Let’s explore the NaN values in our data a bit further. Using the tools we learned in lesson 02, we can figure out how many rows contain NaN values for weight. We can also create a new subset from our data that only contains rows with weight values > 0 (i.e., select meaningful weight values):

In [43]:
len(surveys_df[pd.isnull(surveys_df.weight)])
# How many rows have weight values?
len(surveys_df[surveys_df.weight> 0])


32283

We can replace all NaN values with zeroes using the .fillna() method (after making a copy of the data so we don’t lose our work):

In [44]:
df1 = surveys_df.copy()
# Fill all NaN values with 0
df1['weight'] = df1['weight'].fillna(0)


But what happens when we call mean() again?

In [45]:
df1['weight'].mean()

38.751976145601844

In [46]:
 df1['weight'] = surveys_df['weight'].fillna(surveys_df['weight'].mean())

What did we do in this example? We could also chose to create a subset of our data, only keeping rows that do not contain NaN values.

The point is to make conscious decisions about how to manage missing data. This is where we think about how our data will be used and how these values will impact the scientific conclusions made from the data.

Python gives us all of the tools that we need to account for these issues. We just need to be cautious about how the decisions that we make impact scientific results.

Count the number of missing values per column. Hint: The method .count() gives you the number of non-NA observations per column. Try looking to the .isnull() method.

# Writing Out Data to CSV

We’ve learned about using manipulating data to get desired outputs. But we’ve also discussed keeping data that has been manipulated separate from our raw data. Something we might be interested in doing is working with only the columns that have full data. First, let’s reload the data so we’re not mixing up all of our previous manipulations.



In [49]:
surveys_df = pd.read_csv("../data/surveys.csv")
df_na = surveys_df.dropna()


What do you think the above did? How will you check? 

We can now use the to_csv command to do export a DataFrame in CSV format. Note that the code below will by default save the data into the current working directory. We can save it to a different folder by adding the foldername and a slash before the filename: df.to_csv('foldername/out.csv'). We use ‘index=False’ so that pandas doesn’t include the index number for each line.

In [51]:
df_na.to_csv('../data_output/surveys_complete.csv', index=False)

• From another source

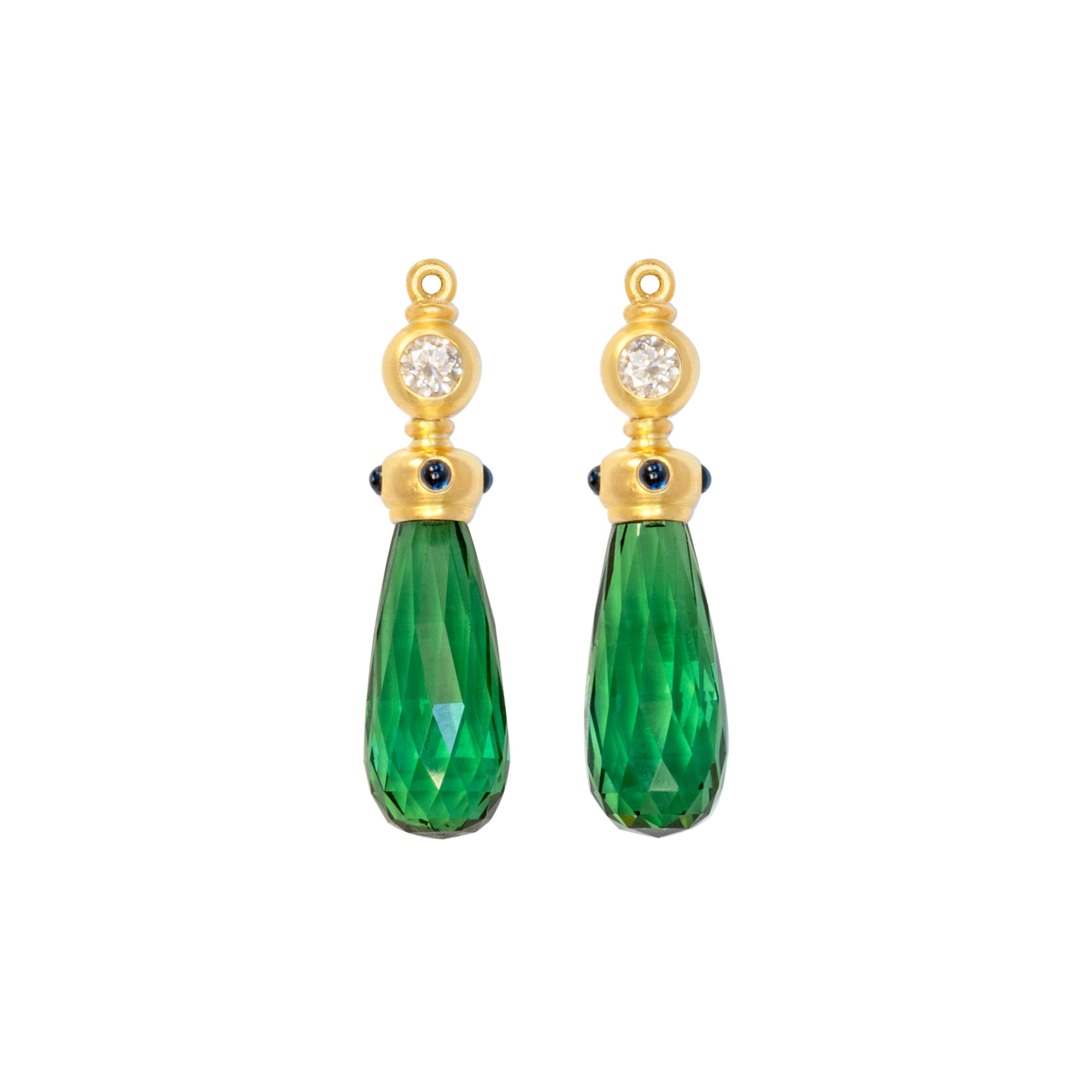 Stones: 2 Brillanten Ø 3,0 mm = 0,20 ct tw vsi, 8 Saphircabochons Ø 1,5 mm und 12,21 ct Turmalinpampeln facettiert 17 x 6,8 mm

Why do we use CSV? CSV files are what we call "flat files." All the information needed to interpret them is encoded in the text. Excel files and similar are called "binary files", which are translated into machine language. The nice thing about flat files is that they can be read by both human eyes and a machine. They are also insensitive to what software you are using to read them in. This is not necessarily true with Excel files, which may appear different by different platforms (Mac, PC) or different version numbers.